The role of chance or of assumption, the recreative power of the skillful reader, the mastery of the sense of internal life, the forms of space and time: how much is known of these? The ontological significance of the subordinate clause, […] or new words, or inversion – all passed over. […] The novelist has, by this ineptitude, been driven out of healthy contact with his audience, and the supreme values of fiction sentimentalized.
This theory has a certain purity; but it is a recipe for misprision, since it matters to the metaphysics of some novels that they are ways of understanding this world. In order to read a book, you need to know what kind of book it is – as I learned from my experience with Russell. (This point is developed with both insight and generality in Kendall Walton's "Categories of Art".) It would be a mistake to read Jane Austen as science fiction – which is, in effect, what Gass would have us do.

It is, correspondingly, no mistake to be baffled by a novel, like Ishiguro's Never Let Me Go, that defies generic thought. The uncanny passivity of the characters: is it something we must simply grant – like the native English of beings from outer space? Or is it a picture of ourselves? For Gass, only the first response is warranted, and the friction of the book is planed away.

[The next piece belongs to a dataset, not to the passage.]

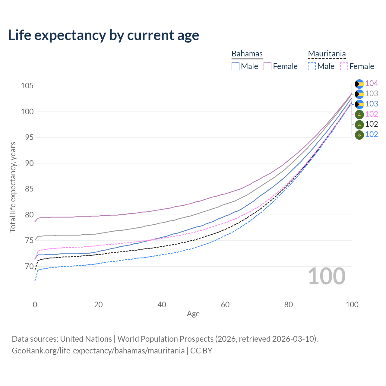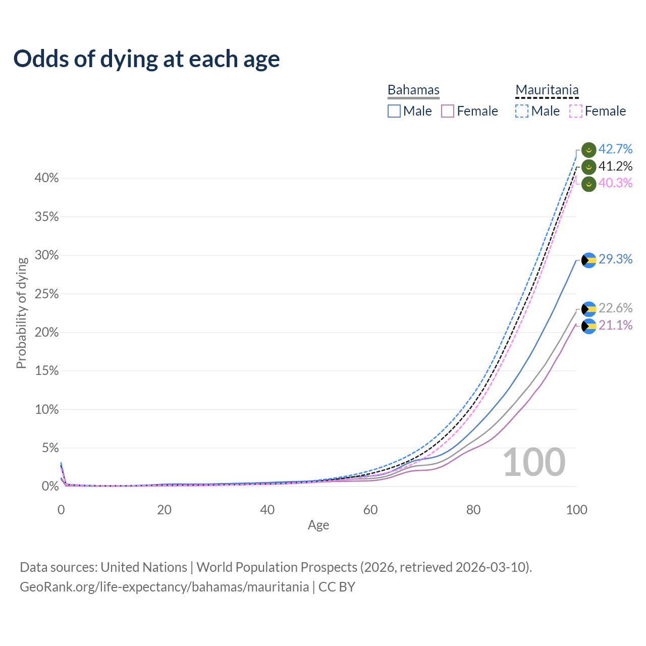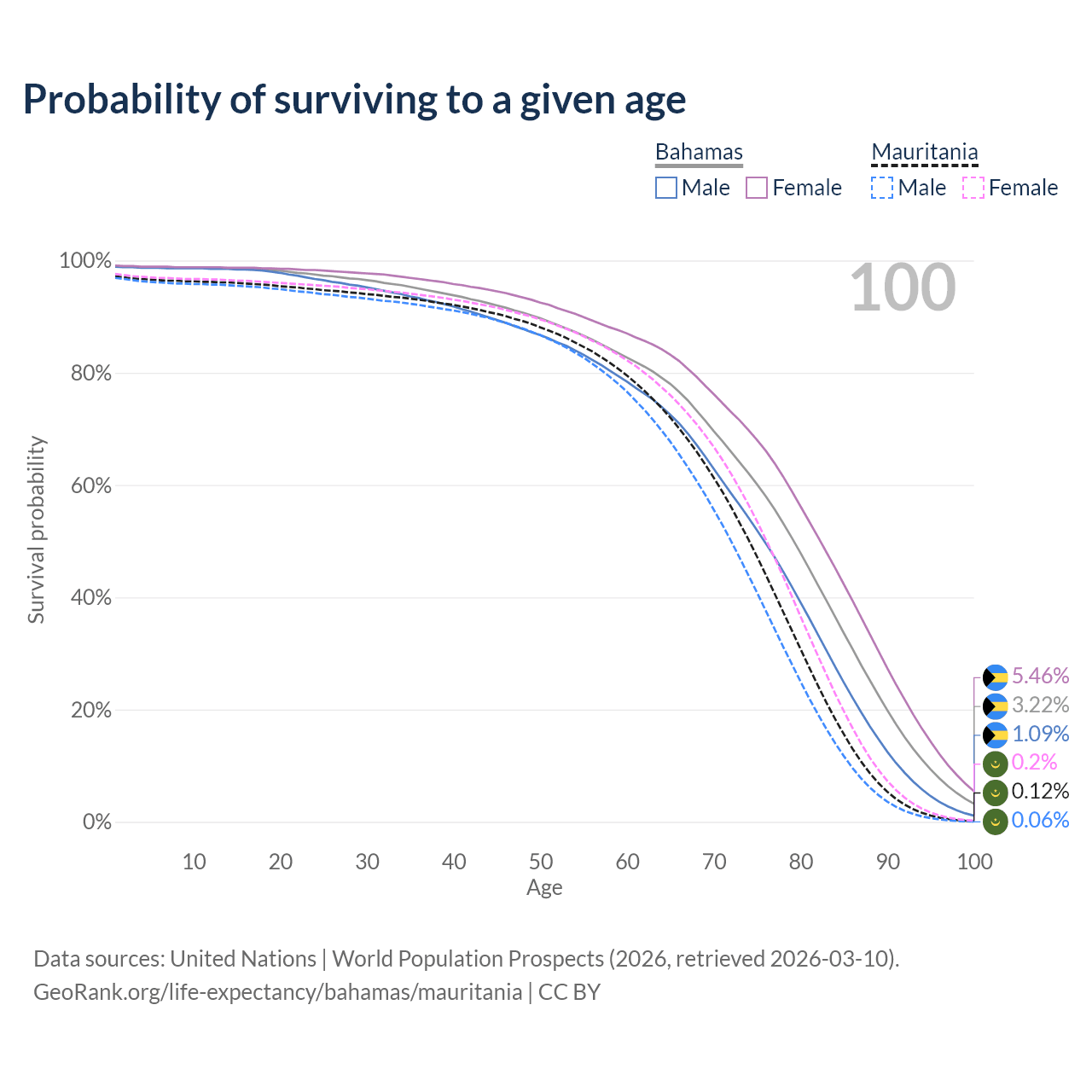 This life expectancy calculator shows the odds of living to 100, 95, 90, and below based on current age for both males and females in the Bahamas and Mauritania, along with mean and median age of death. The calculations are based on the 2026 life tables (actuarial tables) from the UN World Population Prospects.

Even to focus on the characters is confused, on his account: it is the activity of the sentimentalist, someone who believes in them as people she has met, who forgets that "novels [are] made of words". Or rather, she resists this recognition, in distress:
It's as though you had discovered that your wife were made of rubber: the bliss of all those years, the fears…from sponge.
The parody has a point: that even at their best, the "people [of fiction] have less spontaneity, are less intricate, less free, less full" than anyone's parents, or children, or friends. But the same is true of the worlds in which they live. Are we more justified in speculating on the form of cause and the elementary particles of Beckett's "Ping" than on the reasons for Cordelia's silence, Iago's treachery, or Hamlet's delay?

3 Comments:

Anonymous Anonymous said...

"Are we more justified in speculating on the form of cause and the elementary particles of Beckett's 'Ping' than on the reasons for Cordelia's silence, Iago's treachery, or Hamlet's delay?"

It seems to me that a good literary analysis is not speculative in the way you suggest. The idea is not to explain "away" a problem. (A good one is too hard to find.) Attributing Cordelia’s silence to Shakespeare’s “strategic opacity” is an exciting "solution," but is that all there is to say? Wouldn’t you learn more about “Ping” from a well-executed analysis of the repetition of "ping," for example, than you would from a piece on how Beckett’s troubled relationship with his mother might account for the seeming lapses in his prose?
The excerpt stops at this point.